### DATA BELOW
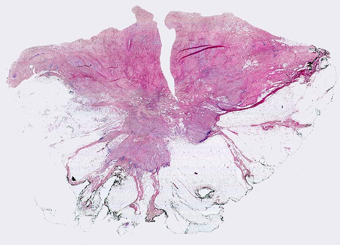 Bindegewebsreicher Tumor mit sternförmigen Ausläufern in das Fettgewebe. Einer der Ausläufer reicht bis unmittelbar an den tuschemarkierten Resektatrand heran.
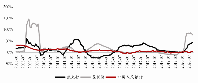 图表 6:美国、欧元区和中国央行资产负债表同比扩张速度
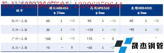 以主要品種螺紋鋼來看,上海市場與杭州價差日環比小幅收窄,價差為-60元/噸。上海市場與華南區域價差日環比小幅收窄,價差為-160噸。上海市場與東北區域日環比價差小幅收窄,價差為-30元/噸。上海市場與華中區域價差日環比持平,價差為-10元/噸。

### TO DO
Find the line with "图表 6:美国、欧元区和中国央行资产负债表同比扩张速度" in the listing above, then write it out along with every later line through the last one, exactly, omitting pictures.

### TASK OUTPUT
 图表 6:美国、欧元区和中国央行资产负债表同比扩张速度
 以主要品種螺紋鋼來看,上海市場與杭州價差日環比小幅收窄,價差為-60元/噸。上海市場與華南區域價差日環比小幅收窄,價差為-160噸。上海市場與東北區域日環比價差小幅收窄,價差為-30元/噸。上海市場與華中區域價差日環比持平,價差為-10元/噸。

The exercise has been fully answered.